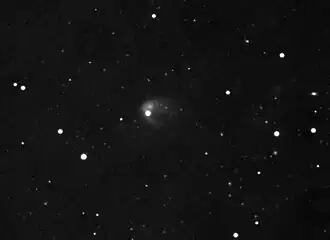 P/2013 R3 (Catalina–PanSTARRS) was discovered independently by two observers by Richard E. Hill using the Catalina Sky Survey's 0.68-m Schmidt telescope and by Bryce T. Bolin using the 1.8-m Pan-STARRS1 telescope on Haleakala.[14] The discovery images taken by Pan-STARRS1 showed the appearance of two distinct sources within 3" of each other combined with a tail enveloping both sources. In October 2013, follow-up observations of P/2013 R3, taken with the 10.4 m Gran Telescopio Canarias on the island of La Palma, showed that this comet was breaking apart.[15] Inspection of the stacked CCD images obtained on October 11 and 12 showed that the main-belt comet presented a central bright condensation that was accompanied on its movement by three more fragments, A, B, C. The brightest A fragment was also detected at the reported position in CCD images obtained at the 1.52 m telescope of the Sierra Nevada Observatory in Granada on October 12.[15]
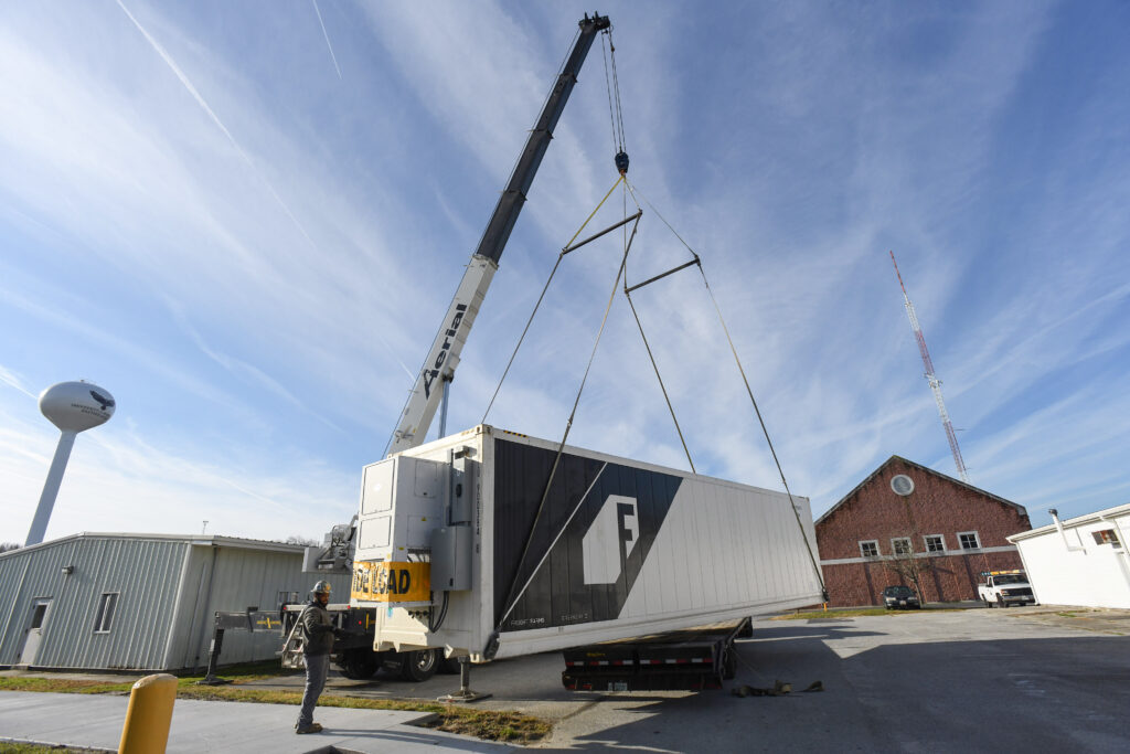 Delivery of an innovative, fully automated, controlled environment Freight Farm has arrived at the University of Maryland Eastern Shore. The vertical hydroponic agricultural system housed inside of a 320-square-foot (tractor trailer-sized) container will expand research and education opportunities for faculty and students.
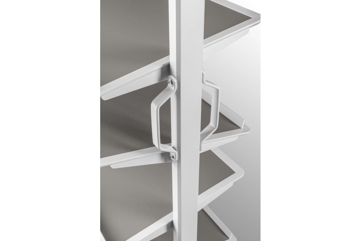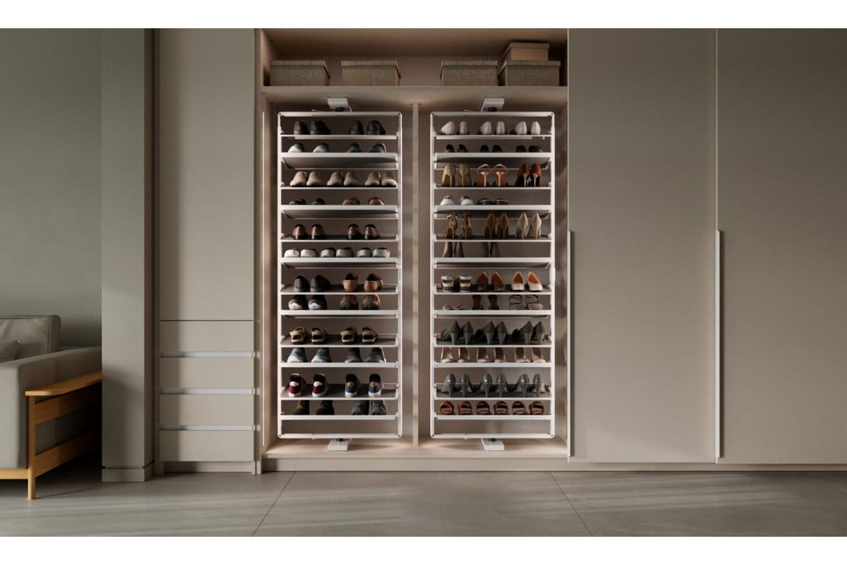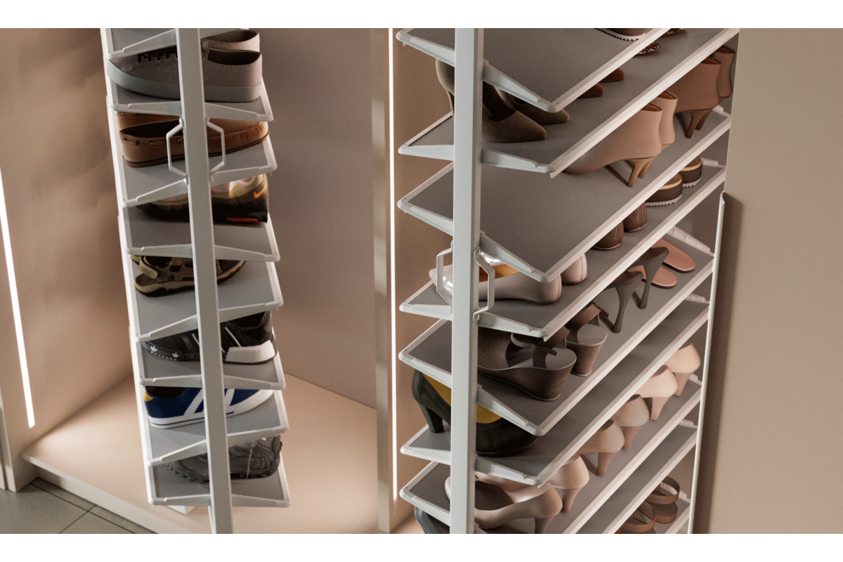 System obrotowych półek na buty GTV Elite przeznaczony jest do montażu wewnątrz szaf oraz garderób. Wyposażono go w wygodną, ergonomiczną rączkę, która ułatwia chwytanie i wysuwanie półki. Mechanizm obrotu o 180° zapewnia swobodny i pełny dostęp do przechowywanego obuwia.

The task — Please write out the entire listing above exactly, but leave the pictures out.

Response below —
 P/2013 R3 (Catalina–PanSTARRS) was discovered independently by two observers by Richard E. Hill using the Catalina Sky Survey's 0.68-m Schmidt telescope and by Bryce T. Bolin using the 1.8-m Pan-STARRS1 telescope on Haleakala.[14] The discovery images taken by Pan-STARRS1 showed the appearance of two distinct sources within 3" of each other combined with a tail enveloping both sources. In October 2013, follow-up observations of P/2013 R3, taken with the 10.4 m Gran Telescopio Canarias on the island of La Palma, showed that this comet was breaking apart.[15] Inspection of the stacked CCD images obtained on October 11 and 12 showed that the main-belt comet presented a central bright condensation that was accompanied on its movement by three more fragments, A, B, C. The brightest A fragment was also detected at the reported position in CCD images obtained at the 1.52 m telescope of the Sierra Nevada Observatory in Granada on October 12.[15]
 Delivery of an innovative, fully automated, controlled environment Freight Farm has arrived at the University of Maryland Eastern Shore. The vertical hydroponic agricultural system housed inside of a 320-square-foot (tractor trailer-sized) container will expand research and education opportunities for faculty and students.
 System obrotowych półek na buty GTV Elite przeznaczony jest do montażu wewnątrz szaf oraz garderób. Wyposażono go w wygodną, ergonomiczną rączkę, która ułatwia chwytanie i wysuwanie półki. Mechanizm obrotu o 180° zapewnia swobodny i pełny dostęp do przechowywanego obuwia.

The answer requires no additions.